Robin Russell (August 27, 1951 - September 8, 2021) was an American drummer, songwriter, and recording artist from Los Angeles, California.

Career 
As of September 1972, Russell was the drummer with the rhythm and blues ensemble New Birth and their instrumental counterpart, the Nite-Liters.  Russell performed with Little Richard including the performance at "The London Rock and Roll Show", Wembley Stadium, London, England, August 5, 1972.  Russell also performed with Johnny "Guitar" Watson, disco era giant Sylvester, and performed with a variety of artists in the Los Angeles area including Richard Berry (composer of "Louie Louie"), Danny Flores (composer of "Tequila"), and Rosa Lee Brooks, who recorded "My Diary" with Jimi Hendrix.  Since the onset of digital recording technology in the 1980s, Russell's drums have been sampled by a number of Hip-Hop, Rap, and R&B artists including  Jamie Foxx, Mariah Carey, LL Cool J, Big Daddy Kane, Public Enemy, The Notorious B.I.G., Fat Joe, De La Soul, Black Sheep, A Tribe Called Quest, and more. In 2001 Russell contributed liner note comments for legendary jazz/fusion drummer Billy Cobham's Rudiments-Anthology CD,  and Russell was a featured artist in the June 2010 issue of Modern Drummer magazine. Most recently Russell's drumming was featured in an article written by Mary MacVean and published on the front page section of the Los Angeles Times newspaper, dated Friday, November 6, 2015. This article is also posted on latimes.com.  Over the years Russell  periodically joined New Birth for reunion shows. Russell passed in his Los Angeles home the morning of, September 8, 2021.

Television and film appearances
During the early and mid 1970s Russell (with New Birth and the Nite-Liters) appeared on numerous syndicated television shows including American Bandstand, Don Kirshner's Rock Concert, Soul Train, The Merv Griffin Show, Soul, and in 1975 Russell made a cameo appearance as a guest percussionist with Buddy Miles & the Earth Rockers in an episode of Don Kirshner's Rock Concert.  Russell's performance with Little Richard at Wembley Stadium was filmed, aired on television, included as part of a DVD released in 1973 as "The London Rock and Roll Show", and released in 2001 as a CD of the same title.

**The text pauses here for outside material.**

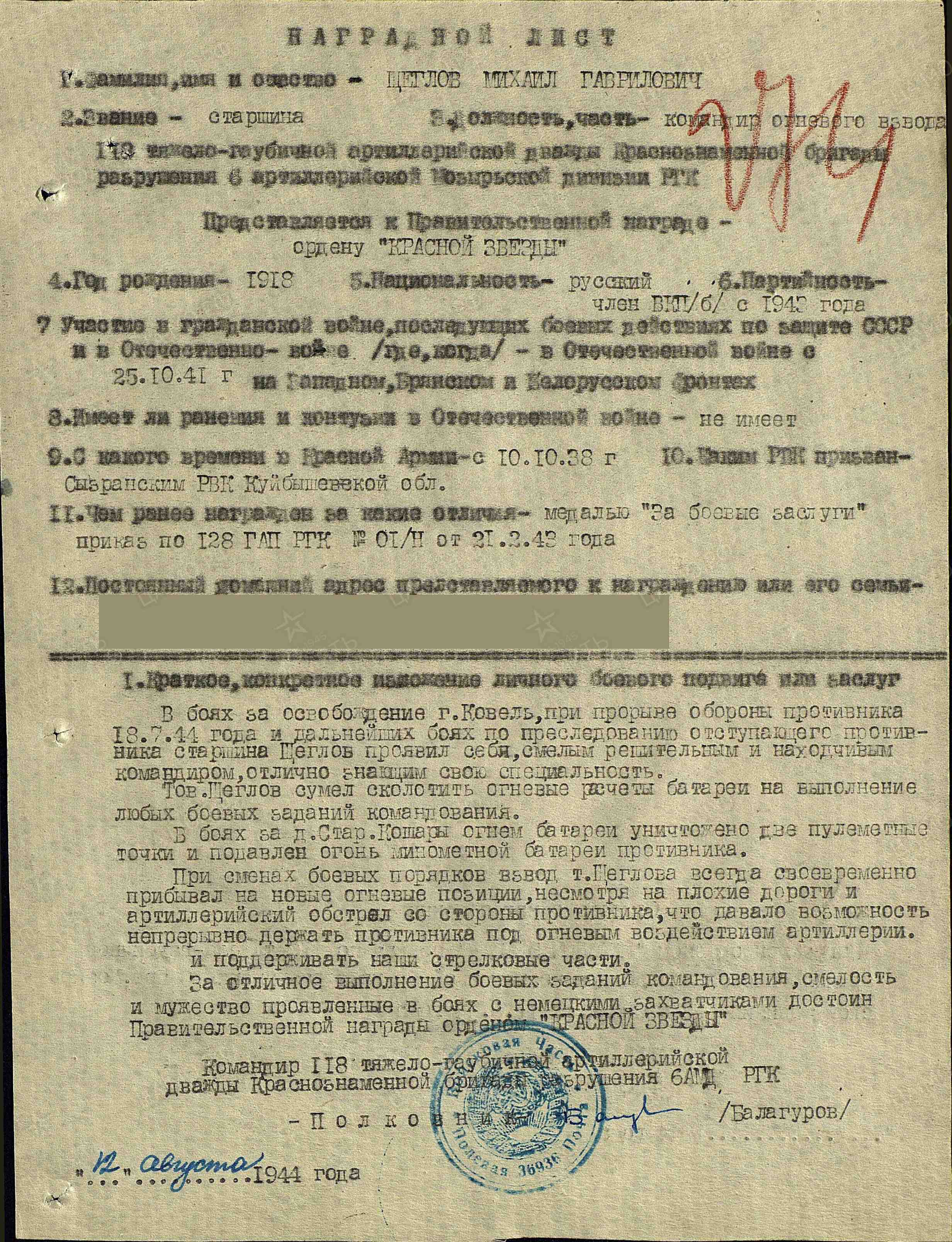 Михаил Щеглов родился в 1917 году (по другой информации в 1917 г.) в селе Старая Рачейка Сызранского района Куйбышевской области. Старшина. Артиллерист. В 1938 был призван на службу в РККА, служил в артиллерийских войсках, в Чите. Закончился срок службы, но началась война, и командир огневого взвода, старшина Щеглов был отправлен на фронт. Воевал артиллеристом с 25.10.1941 г. по 9.05.1945 г. на Западном, Брянском, на 1-м и 2-м Белорусском фронтах. День Победы встретил в Берлине.

Movie Scores and Television Commercials
Russell's drumming can also be heard as a portion of the sound track for the 1973 action movie Gordon's War, starring Paul Winfield, where New Birth performed the song "Come On and Dream Some Paradise," and around 2006-07 a Jeep Compass commercial was aired on television using an altered sample of New Birth's "Got to Get a Knutt", of which Russell is a co-writer.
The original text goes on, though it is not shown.